Top of Extracted entries
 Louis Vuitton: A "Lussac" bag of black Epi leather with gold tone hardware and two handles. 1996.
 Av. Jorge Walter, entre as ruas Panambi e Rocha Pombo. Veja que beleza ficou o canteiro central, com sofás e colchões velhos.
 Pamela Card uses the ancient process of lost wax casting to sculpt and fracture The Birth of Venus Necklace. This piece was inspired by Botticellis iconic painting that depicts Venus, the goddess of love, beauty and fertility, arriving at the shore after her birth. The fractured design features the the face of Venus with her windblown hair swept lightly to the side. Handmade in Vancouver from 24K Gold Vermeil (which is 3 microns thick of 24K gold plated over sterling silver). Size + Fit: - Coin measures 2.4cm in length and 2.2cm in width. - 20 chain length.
Bottom of Extracted entries
Top of Extracted entries
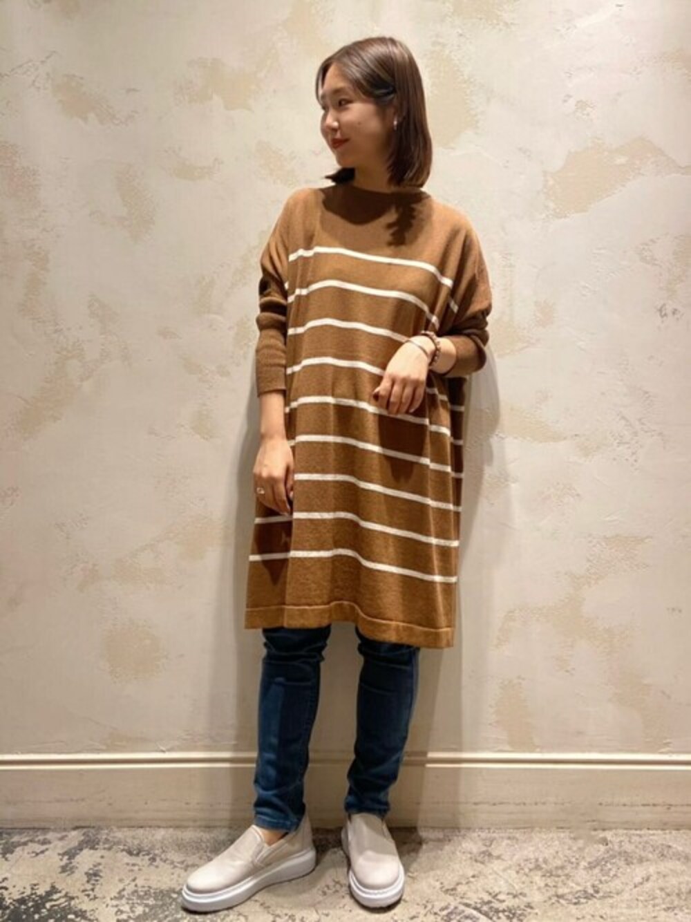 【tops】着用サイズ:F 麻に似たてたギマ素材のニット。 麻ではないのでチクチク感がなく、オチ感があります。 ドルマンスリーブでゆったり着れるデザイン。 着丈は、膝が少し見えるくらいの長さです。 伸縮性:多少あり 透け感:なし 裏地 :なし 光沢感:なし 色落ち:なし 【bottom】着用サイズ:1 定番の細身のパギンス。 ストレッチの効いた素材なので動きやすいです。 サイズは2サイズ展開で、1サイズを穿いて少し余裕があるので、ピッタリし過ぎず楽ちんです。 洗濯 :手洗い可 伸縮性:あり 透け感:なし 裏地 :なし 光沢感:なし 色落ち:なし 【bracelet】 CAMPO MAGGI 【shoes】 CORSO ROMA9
Bottom of Extracted entries
Top of Extracted entries
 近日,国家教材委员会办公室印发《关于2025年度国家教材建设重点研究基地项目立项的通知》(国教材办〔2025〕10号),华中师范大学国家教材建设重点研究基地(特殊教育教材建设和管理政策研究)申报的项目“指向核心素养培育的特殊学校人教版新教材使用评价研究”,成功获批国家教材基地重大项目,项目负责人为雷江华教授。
Bottom of Extracted entries
## Your instructions
Retype only the lines above between the line with "Louis Vuitton: A" and the line with "Pamela Card uses", counting those two lines as well, and keep every character as it is.

## Solution to the exercise
 Louis Vuitton: A "Lussac" bag of black Epi leather with gold tone hardware and two handles. 1996.
 Av. Jorge Walter, entre as ruas Panambi e Rocha Pombo. Veja que beleza ficou o canteiro central, com sofás e colchões velhos.
 Pamela Card uses the ancient process of lost wax casting to sculpt and fracture The Birth of Venus Necklace. This piece was inspired by Botticellis iconic painting that depicts Venus, the goddess of love, beauty and fertility, arriving at the shore after her birth. The fractured design features the the face of Venus with her windblown hair swept lightly to the side. Handmade in Vancouver from 24K Gold Vermeil (which is 3 microns thick of 24K gold plated over sterling silver). Size + Fit: - Coin measures 2.4cm in length and 2.2cm in width. - 20 chain length.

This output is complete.